:: DATA TO EXAMINE ::
----
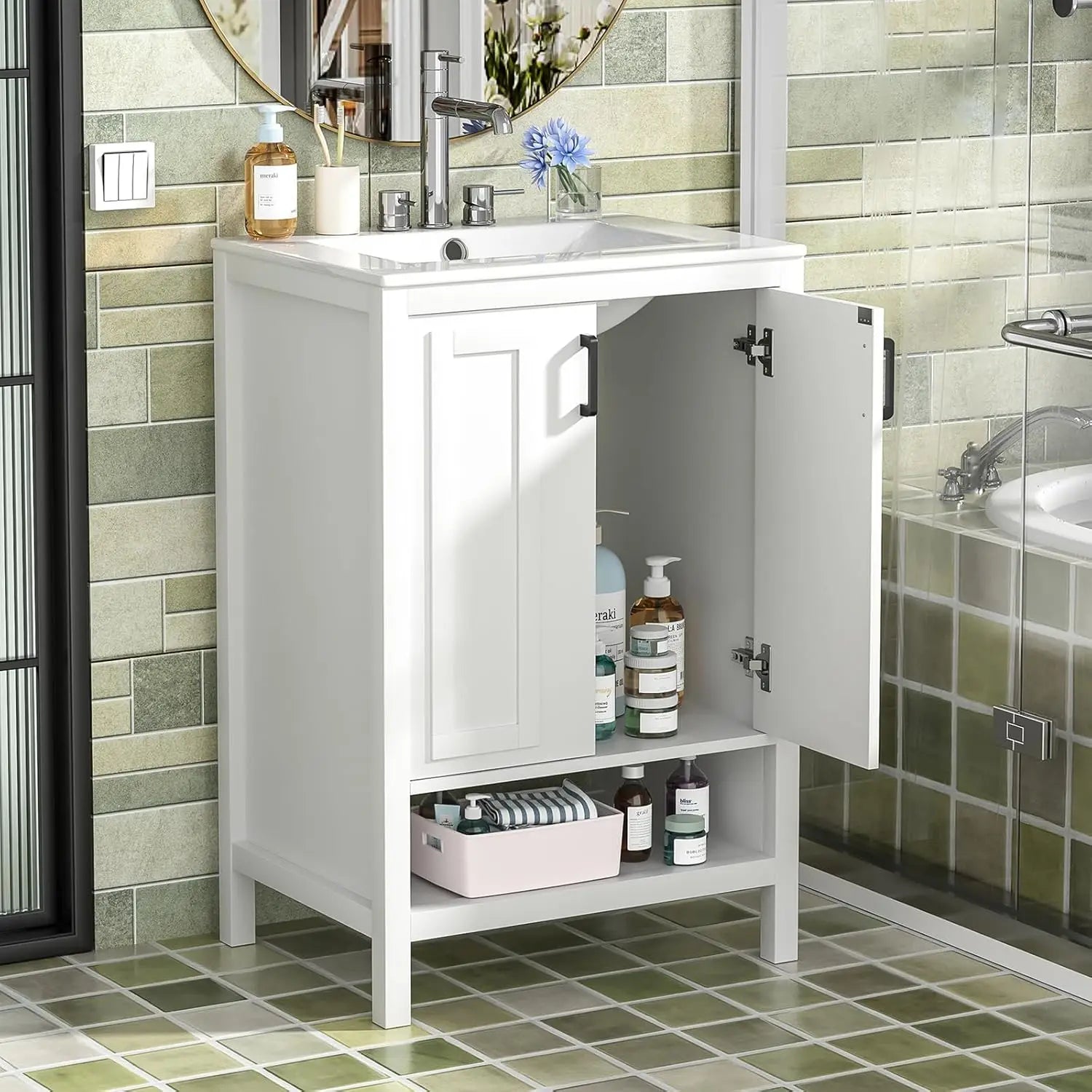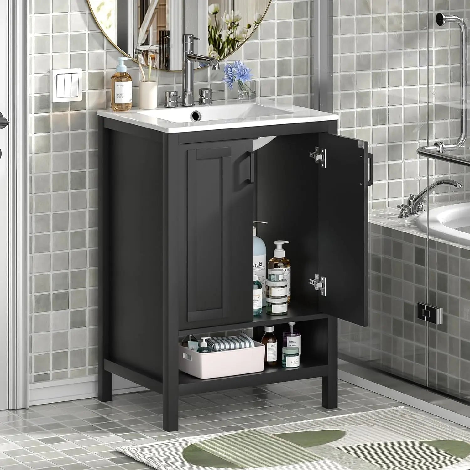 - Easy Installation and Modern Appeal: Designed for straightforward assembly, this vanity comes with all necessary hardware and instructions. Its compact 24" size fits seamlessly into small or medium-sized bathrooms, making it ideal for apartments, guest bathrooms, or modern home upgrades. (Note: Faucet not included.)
----
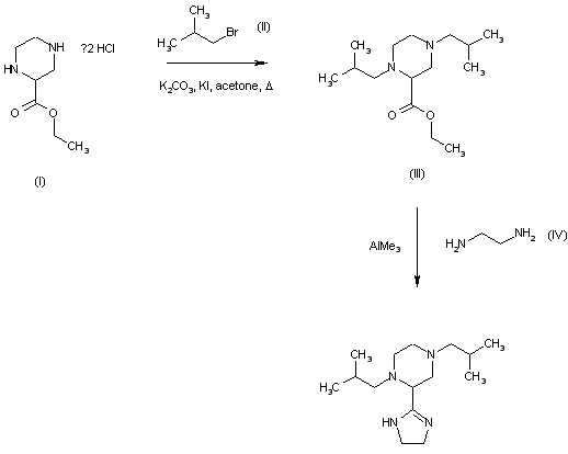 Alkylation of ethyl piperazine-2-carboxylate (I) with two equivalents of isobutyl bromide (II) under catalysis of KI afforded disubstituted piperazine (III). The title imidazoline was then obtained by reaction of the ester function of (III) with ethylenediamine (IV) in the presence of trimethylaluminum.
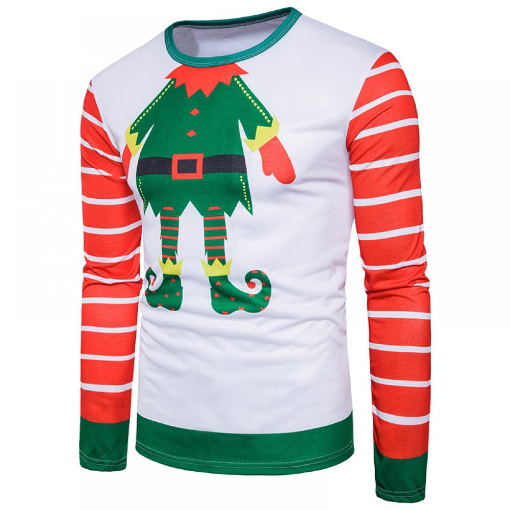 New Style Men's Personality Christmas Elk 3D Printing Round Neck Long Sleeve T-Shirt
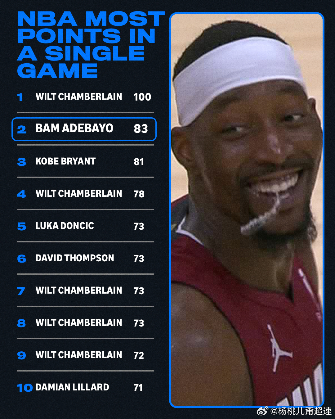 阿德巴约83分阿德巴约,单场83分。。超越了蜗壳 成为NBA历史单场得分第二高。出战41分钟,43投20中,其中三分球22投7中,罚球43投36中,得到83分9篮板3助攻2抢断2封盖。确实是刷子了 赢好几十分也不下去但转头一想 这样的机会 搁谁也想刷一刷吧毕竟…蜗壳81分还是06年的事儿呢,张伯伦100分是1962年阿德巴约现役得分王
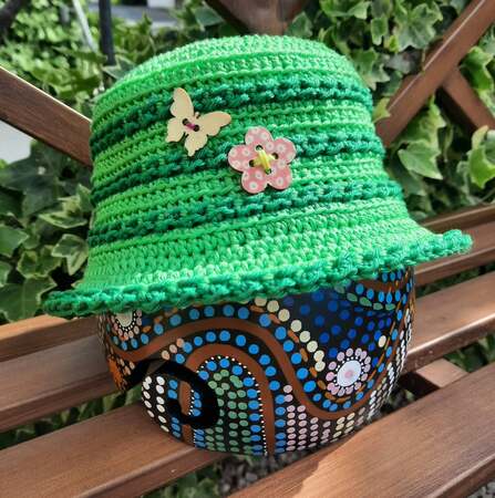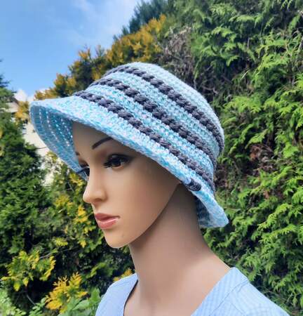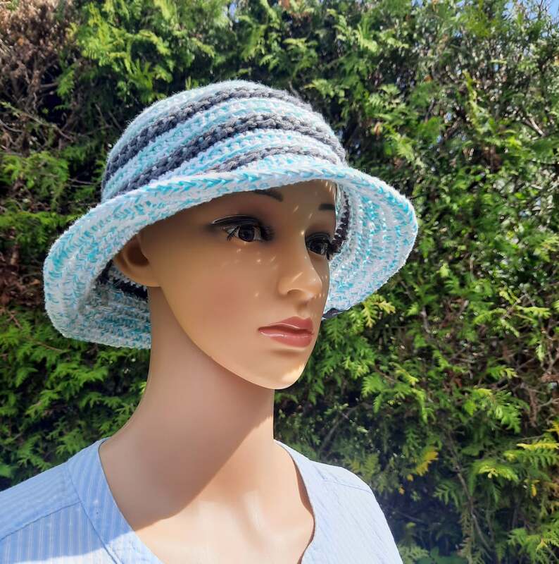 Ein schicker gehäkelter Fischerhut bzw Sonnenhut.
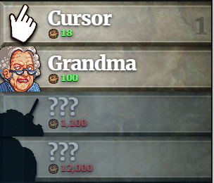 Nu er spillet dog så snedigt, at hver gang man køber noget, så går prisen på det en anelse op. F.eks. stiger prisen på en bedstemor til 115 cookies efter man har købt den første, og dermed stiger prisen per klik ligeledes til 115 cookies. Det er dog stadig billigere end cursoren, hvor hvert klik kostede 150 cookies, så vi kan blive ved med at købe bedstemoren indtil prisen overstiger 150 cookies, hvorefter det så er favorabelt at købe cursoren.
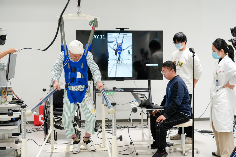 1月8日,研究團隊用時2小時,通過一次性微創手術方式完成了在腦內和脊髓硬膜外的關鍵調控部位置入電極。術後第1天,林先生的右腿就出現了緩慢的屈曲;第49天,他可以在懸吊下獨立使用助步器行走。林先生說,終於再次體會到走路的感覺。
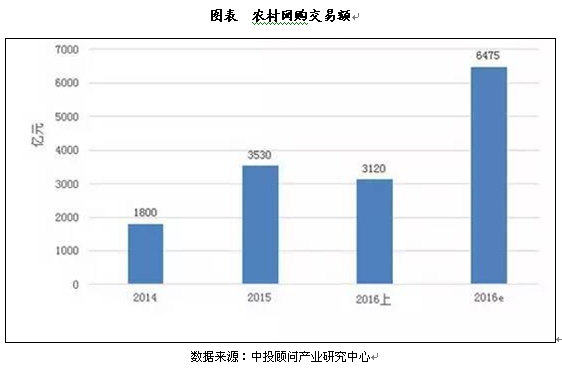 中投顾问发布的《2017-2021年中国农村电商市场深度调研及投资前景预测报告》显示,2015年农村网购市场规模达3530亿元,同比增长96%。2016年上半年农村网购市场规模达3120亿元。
----
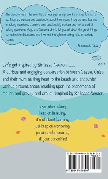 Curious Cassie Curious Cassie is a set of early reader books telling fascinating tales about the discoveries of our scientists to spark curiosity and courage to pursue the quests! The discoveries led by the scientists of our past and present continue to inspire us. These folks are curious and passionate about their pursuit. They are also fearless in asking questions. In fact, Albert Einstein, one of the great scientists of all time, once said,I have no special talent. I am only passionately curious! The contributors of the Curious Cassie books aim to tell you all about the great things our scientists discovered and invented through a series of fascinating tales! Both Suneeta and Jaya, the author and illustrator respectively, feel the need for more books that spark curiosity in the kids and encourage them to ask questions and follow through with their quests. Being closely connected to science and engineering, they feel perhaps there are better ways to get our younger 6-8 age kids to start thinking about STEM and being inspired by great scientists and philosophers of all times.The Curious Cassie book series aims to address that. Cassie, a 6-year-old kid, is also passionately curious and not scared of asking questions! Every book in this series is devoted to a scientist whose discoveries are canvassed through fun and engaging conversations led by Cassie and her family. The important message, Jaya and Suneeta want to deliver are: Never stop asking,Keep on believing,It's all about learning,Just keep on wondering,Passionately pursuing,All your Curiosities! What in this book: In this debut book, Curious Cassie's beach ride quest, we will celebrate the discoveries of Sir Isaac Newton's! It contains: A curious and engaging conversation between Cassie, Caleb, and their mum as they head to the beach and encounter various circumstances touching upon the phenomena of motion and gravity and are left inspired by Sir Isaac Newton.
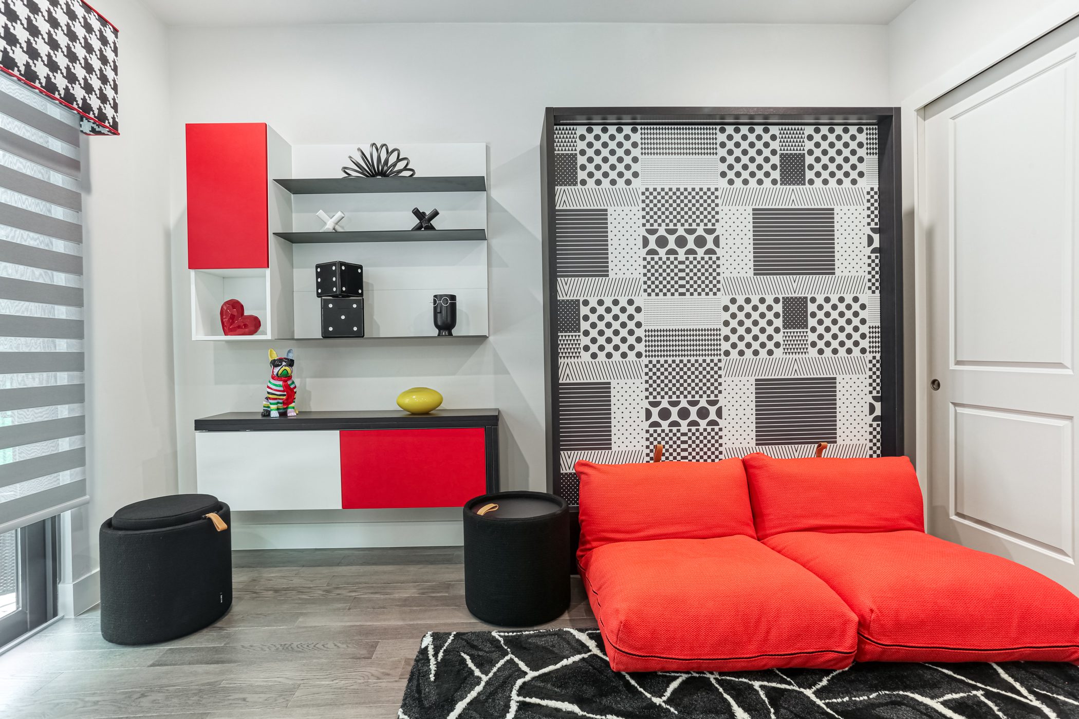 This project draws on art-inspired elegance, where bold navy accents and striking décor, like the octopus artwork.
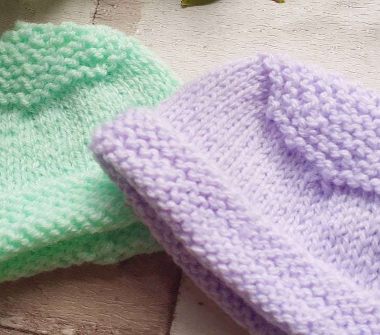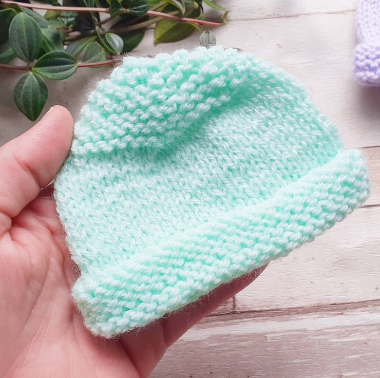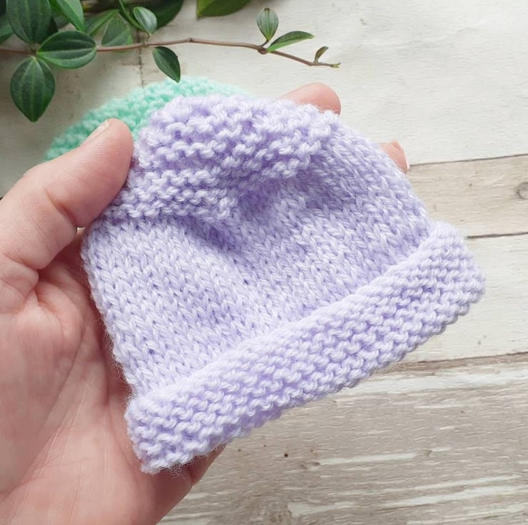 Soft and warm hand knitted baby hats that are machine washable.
----
:: PROBLEM ::
Print, word for word, the lines above that run from the line containing "New Style Men's" to the line containing "Nu er spillet", both included. Keep the pictures out.

:: ANSWER BELOW ::
 New Style Men's Personality Christmas Elk 3D Printing Round Neck Long Sleeve T-Shirt
 阿德巴约83分阿德巴约,单场83分。。超越了蜗壳 成为NBA历史单场得分第二高。出战41分钟,43投20中,其中三分球22投7中,罚球43投36中,得到83分9篮板3助攻2抢断2封盖。确实是刷子了 赢好几十分也不下去但转头一想 这样的机会 搁谁也想刷一刷吧毕竟…蜗壳81分还是06年的事儿呢,张伯伦100分是1962年阿德巴约现役得分王
 Ein schicker gehäkelter Fischerhut bzw Sonnenhut.
 Nu er spillet dog så snedigt, at hver gang man køber noget, så går prisen på det en anelse op. F.eks. stiger prisen på en bedstemor til 115 cookies efter man har købt den første, og dermed stiger prisen per klik ligeledes til 115 cookies. Det er dog stadig billigere end cursoren, hvor hvert klik kostede 150 cookies, så vi kan blive ved med at købe bedstemoren indtil prisen overstiger 150 cookies, hvorefter det så er favorabelt at købe cursoren.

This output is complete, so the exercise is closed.